Teknologi informasi yang berkembang dengan pesat menyebabkan para orangtua
modern tidak hanya belajar dari orangtua mereka namun dapat memperoleh informasi dari
lingkungan dan internet mengenai cara yang baik dalam mengasuh dan mendidik anak agar
tidak terjadi keterlambatan dalam pertumbuhan dan perkembangan anak-anak. Pemerintah
dalam upaya memberikan yang terbaik dalam memantau generasi penerus salah satunya
dengan mengeluarkan buku SDIDTK yang biasanya dipakai di POSYANDU untuk membantu
para ibu ditingkat RW biasanya dalam memantau putra putri mereka agar sesuai dengan
pertumbuhan dan perkembangannya sehingga jika terjadi ketidaksesuaian hal ini dapat
disikapi dengan segera.
Menurut Ahmad, Nusaibah dan Lailah, Amr Abu (2009) mengatakan pada umur tiga
hingga lima tahun anak memiliki dunianya sendiri yang dipenuhi keajaiban dan imajinasi,
dimana dia merangkai imajinasi dengan kuat. Orangtua yang awam akan berfikir sang anak
kerasukan jin sehingga perlu penanganan khusus kepada alternative, namun apabila bisa
ditelaah dan dipahami masa perkembangannya orangtua dapat mengarahkan dan
meningkatkan kemampuan kognitifnya sehingga dia akan tumbuh menjadi anak yang cerdas
dan berakhlak baik.
Di lingkungan perumahan penulis didapati dua anak berumur sekitar 54 bulan yang
sangat menarik untuk diamati karena anak yang pertama memiliki kemampuan bicara yang
lancar namun tidak terarah atau bisa dikatakan kurang nyambung dengan pertanyaan yang
diberikan sedangkan anak yang kedua dapat memahami pertanyaan dan mengembangkan
jawaban dengan baik namun kemampuan bicaranya kurang baik sehingga tidak dapat
dipahami orang lain, yang dapat memahaminya hanya orang terdekatnya saja.

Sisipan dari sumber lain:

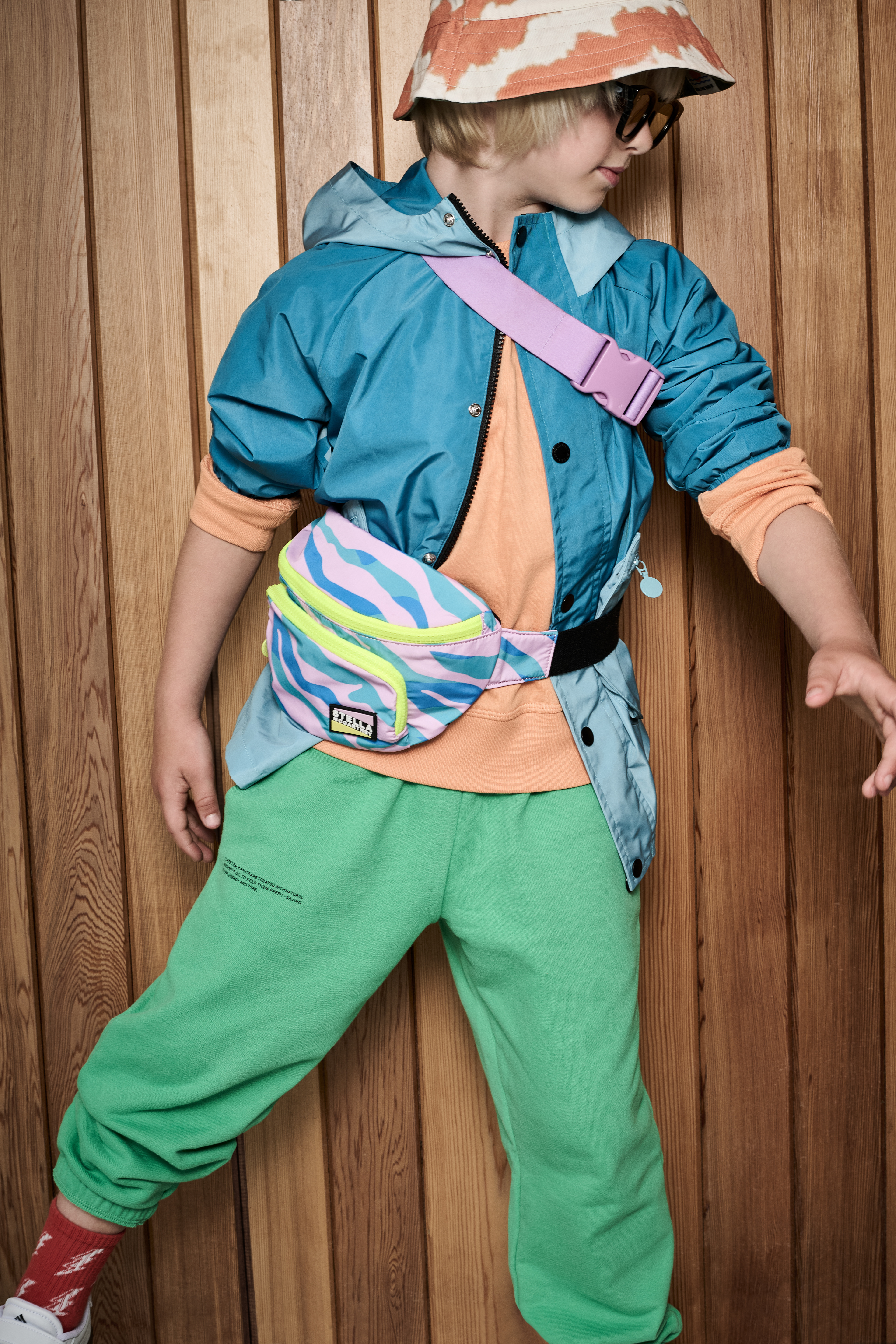 Tie-dye hat, Monsoon Kids. Sunglasses, AKILA Kids. Hoodie jacket, and bumbag, both Stella Kids. Lilac belt, stylist's own. Orange sweatshirt, Arket. Green joggers, Pangaia. Socks, TK Maxx. Adidas trainers, Deichmann

Berdasarkan
fenomena tersebut penulis tertarik untuk mengetahui perkembangan kedua anak tersebut
berdasarkan buku panduan SDIDTK dengan harapan dapat melatih pemahaman cara
mengetahui perkembangan anak dan dapat memberikan informasi yang memadai untuk
orangtua.
PEMBAHASAN
a. Teori

Feist, Jess dan Feist, Gregory J (2014) menyampaikan tahap perkembangan ketiga Erikson
adalah usia bermain, periode yang meliputi waktu yang sama dengan fase falik (phalllic)- sekitar
usia 3 sampai 5 tahun. Anak usia 54 bulan masuk ke dalam fase usia bermain dimana
perkembangannya dapat maksimal dengan stimulus permainan yang disediakan di rumah
ataupun di lingkungan sekitar rumah.
Menurut Santrock (2012) selama prasekolah, kebanyakan anak-anak secara bertahap
menjadi lebih sensitif terhadap bunyi dari kata-kata yang diucapkan dan menjadi semakin
mampu menghasilkan semua bunyi dari bahasa mereka. Namun hal ini dapat mengalami
keterlambatan disebabkan oleh banyak faktor diantaranya yaitu orang tua yang kurang dalam
memberikan stimulus secara maksimal. Ini dapat disebabkan karena kurangnya pengetahuan
yang dimiliki oleh orangtua, pola asuh yang salah ataupun kurangnya perhatian dari orangtua.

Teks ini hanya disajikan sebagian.